Someone must be lying about health care coverage for pre-existing medical conditions.

Republicans, including President Donald Trump, are trying to drown out the chorus of doctor, patient and hospital groups that say people with chronic medical conditions could be priced out of coverage under the Republican health plan that narrowly passed the House of Representatives on Thursday.

Trump, House Speaker Paul Ryan, R-Wis., and the 216 House Republicans who voted for the bill say it protects these folks. They includes House Majority Leader Kevin McCarthy, R-Calif.

“Let me state it one more time: We will replace (Obamacare) with a system that protects pre-existing conditions,” McCarthy said on the House floor before Thursday’s vote.

So who’s telling the truth?

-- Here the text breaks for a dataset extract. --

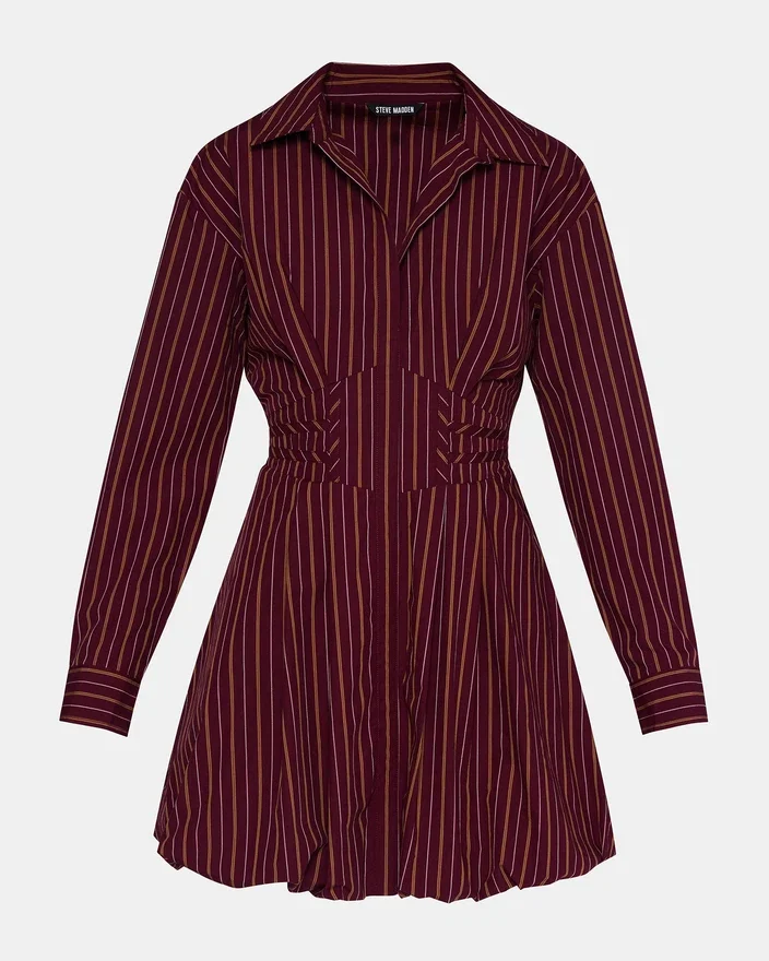 The Arielle Dress Offers a Refined Take on the Classic Long-Sleeved Button-Up Dress. Its Tailored Fit and Rich Wine Hue Create a Sophisticated Silhouette Ideal for Professional Settings or Elegant Occasions. The Button-Up Front Provides Versatile Styling Options, While the Long Sleeves Add a Polished, Timeless Appeal. This Dress Combines Expert Craftsmanship with a Flattering Design to Ensure Both Comfort and Style Throughout Your Day.

It all depends on what you call a lie.

People with pre-existing conditions who could be priced out of coverage under the GOP legislation could ultimately get insurance through high-risk pools for the medically uninsurable. But such coverage pools have a long history of high costs, poor funding and limited benefits.

“Virtually every health care analyst that you talk to will tell you that these things just don’t work very well,” Andy Slavitt, former acting administrator of the Centers for Medicare and Medicaid Services, said during an online discussion this week with Rep. John Yarmuth, D-Ky.

Slavitt, who served under President Barack Obama, said Republicans were using the risk pools to falsely claim they were protecting coverage for people with pre-existing conditions.

“As long as we can throw someone with a pre-existing condition into a high-risk pool, we can say that they’re covered,” Slavitt said. “Even if we can charge them tens of thousands of dollars more. Even if we can give them something that doesn’t give them access to care. And even if we don’t fund it well enough. And that’s what I call a ‘high-five and a wink.’

“ ‘Hey, we got this deal done. Hey, we can say we didn’t take away pre-existing conditions,’ ” Slavitt said of congressional Republicans, “ ‘but we’re going to give the (insurers) the opportunity to charge people whatever they want.’ ”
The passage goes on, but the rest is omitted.